For those who design and build Chelsea show gardens, this is an exam in garden design and construction, and so the judges are quite rightly marking them in that way before handing out what are important accolades.

But they are also judging the execution, whereas we are tending only to seek inspiration.

If you look at a Chelsea garden you may ask yourself how inspiring it is, does it make you want to recreate all or part of it back home, does it make you feel something, or does it provoke you to think differently in some way.

The judges are also asking this but much more besides. Any judging system needs to be systematic, to ensure consistency and fairness, but by definition, and again in a way quite rightly, this removes some of the emotion from the process. It's this emotion that the rest of us are actually seeking when we look at a garden.

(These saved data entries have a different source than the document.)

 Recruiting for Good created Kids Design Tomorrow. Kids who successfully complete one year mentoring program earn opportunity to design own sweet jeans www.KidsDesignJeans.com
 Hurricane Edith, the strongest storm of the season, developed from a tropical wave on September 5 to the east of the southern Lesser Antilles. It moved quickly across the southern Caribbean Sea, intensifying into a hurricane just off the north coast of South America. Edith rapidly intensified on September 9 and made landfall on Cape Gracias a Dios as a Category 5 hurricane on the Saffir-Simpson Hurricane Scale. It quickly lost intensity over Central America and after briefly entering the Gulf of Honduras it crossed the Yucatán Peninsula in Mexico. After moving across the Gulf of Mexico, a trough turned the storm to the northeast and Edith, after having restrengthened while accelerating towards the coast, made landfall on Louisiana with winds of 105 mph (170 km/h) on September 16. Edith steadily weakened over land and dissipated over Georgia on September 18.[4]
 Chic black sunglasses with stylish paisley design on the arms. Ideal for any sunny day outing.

In most cases we simply want a garden to be beautiful, or atmospheric. But that is very subjective.

Beyond beauty, if I am "judging" any garden, I'm doing so by how it makes me feel, and what it intends to make me feel. Gardens can make you feel relaxed, excited, comfortable, peaceful, energetic, exotic, romantic, nostalgic, mesmerised, even confronted or challenged. I tend to consider how well this is achieved when deciding how good a garden is.

A design brief for a Chelsea garden may state that the garden will make people feel a particular emotion, but to score well with the judges it will also need to be perfectly constructed and planted, whereas in reality those things matter less to most of us as long as that atmosphere is created, and we can feel the way we are supposed to feel.

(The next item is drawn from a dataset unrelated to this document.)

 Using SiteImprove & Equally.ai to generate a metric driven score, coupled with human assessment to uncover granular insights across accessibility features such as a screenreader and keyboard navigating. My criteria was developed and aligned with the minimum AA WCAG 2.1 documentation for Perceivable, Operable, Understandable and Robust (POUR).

Show gardens have a purpose. To show case a brand, or an idea, or a concept, or a trend.

They are works of art. They are fabulous, they are fantasy. But they are more a work of art than a real garden. They are gloriously enjoyable for that.

Of course for everyone involved in creating a show garden at Chelsea it is hugely important. A medal or a Best in Show is a career ambition and a highly prized accolade, and quite rightly so. I wish everyone luck and hope it's gold medals all round. But for the rest of us looking on, forget the medals, just look at the gardens, choose your favourite if you like, but just enjoy them and how they make you feel.